Thursday, April 21, 2011

The Tiger Rising - Kate DiCamillo

Summary:  The Tiger Rising is the tale of 12-year-old Rob Horton who finds a caged tiger in the woods behind the Kentucky Star Motel where he lives with his dad. The tiger is so incongruous in this setting that Rob views the apparition as some sort of magic trick. Indeed, the tiger triggers all sorts of magic in Rob's life--for one thing, it takes his mind off his recently deceased mother and the itchy red blisters on his legs that the wise motel housekeeper, Willie May, says is a manifestation of the sadness that Rob keeps "down low." Something else for Rob to think about is Sistine (as in the chapel), a new city girl with fierce black eyes who challenges him to be honest with her and himself.
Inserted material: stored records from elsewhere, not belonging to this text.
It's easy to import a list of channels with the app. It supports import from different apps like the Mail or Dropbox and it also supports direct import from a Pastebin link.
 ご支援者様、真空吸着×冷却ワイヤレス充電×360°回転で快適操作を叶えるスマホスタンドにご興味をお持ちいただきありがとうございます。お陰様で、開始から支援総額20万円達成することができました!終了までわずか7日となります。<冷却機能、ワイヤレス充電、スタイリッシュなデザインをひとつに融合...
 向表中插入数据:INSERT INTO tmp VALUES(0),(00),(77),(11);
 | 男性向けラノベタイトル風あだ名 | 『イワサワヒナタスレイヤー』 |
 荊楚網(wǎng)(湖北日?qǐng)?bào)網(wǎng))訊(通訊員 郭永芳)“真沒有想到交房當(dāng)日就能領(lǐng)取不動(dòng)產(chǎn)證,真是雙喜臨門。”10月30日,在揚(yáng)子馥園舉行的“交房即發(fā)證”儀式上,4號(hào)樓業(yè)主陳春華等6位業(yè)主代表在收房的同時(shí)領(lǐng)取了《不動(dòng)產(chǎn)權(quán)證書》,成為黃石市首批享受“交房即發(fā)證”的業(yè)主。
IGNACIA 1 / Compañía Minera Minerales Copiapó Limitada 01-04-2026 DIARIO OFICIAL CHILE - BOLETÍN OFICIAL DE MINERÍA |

Spurred by the tiger, events collide to break Rob out of his silent introspection, to form a new friendship with Sistine, to develop a new understanding of his father, and most important, to lighten his heart.  (Summary from - Image from  )
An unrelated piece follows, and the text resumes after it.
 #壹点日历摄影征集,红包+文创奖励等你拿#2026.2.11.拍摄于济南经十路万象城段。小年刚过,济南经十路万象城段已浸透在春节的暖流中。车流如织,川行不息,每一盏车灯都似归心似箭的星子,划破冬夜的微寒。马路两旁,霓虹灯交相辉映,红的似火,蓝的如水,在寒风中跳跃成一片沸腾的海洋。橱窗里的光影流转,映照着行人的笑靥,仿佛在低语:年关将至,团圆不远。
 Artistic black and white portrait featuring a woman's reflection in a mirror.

My Review:  It seems that Kate DiCamillo can do no wrong.  I've read (and loved) Because of Winn Dixie and we've reviewed The Tale of Despereaux and The Miraculous Journey of Edward Tulane with positive praise.  I found The Tiger Rising at a local used book store and knew it would be good -- most National Book Award finalists are -- but I had no idea it would knock my socks off.  I mean, it's little.  Tiny.  Miniscule.  

The Tiger Rising is a stunningly expressive tale, thick with emotion and beautifully written.  While the plot itself was quite simple -- perfect for the 9-12 reader -- I feel that a child might not understand the symbolism or appreciate the elegant language and emotional nuances.  They can read it, of course, but I think that an adult might get more out of it. 

The Tiger Rising is populated with a vibrant cast of characters, but my absolute favorite was the housekeeper, Willie May.  She exuded wisdom, sass, and a fierce independence that is evident in one of my favorite lines of the book, "I ain't got to do nothing, except stay black and die."   She is by no means the only fabulous character.  Rob is one tough little kid, but eventually he'll have to open that suitcase.  His father is kind, but barely holding it together.  And Sistine?  Well, Sistine might be in denial, but she still rocks.  Several of these characters work through a spectrum of emotions in this book and, while the story and its the ending were bittersweet, it had the effect of being a very cathartic read.  I felt lighter after I'd read it.

This book is a great gymnastics/karate/dance class read.  Basically, you can read it in under an hour if you don't have kids poking you.  So drop them off, lock yourself in the car, and have at it.

My Rating:  4.5 Stars

Sum it up:  A tiny book that packs a powerful punch.

1 comment:

Monica said...

My daughter and I started this book together but she wanted to go off and read it herself - sounds like I need to pick it back up. I was pleasantly surprise with Because of Winn Dixie - which I also think is a fabulous read for all adults. Sounds like her books are interesting enough for kids but may resonate more with older readers as well - I enjoy a quick book that makes you think and contemplate.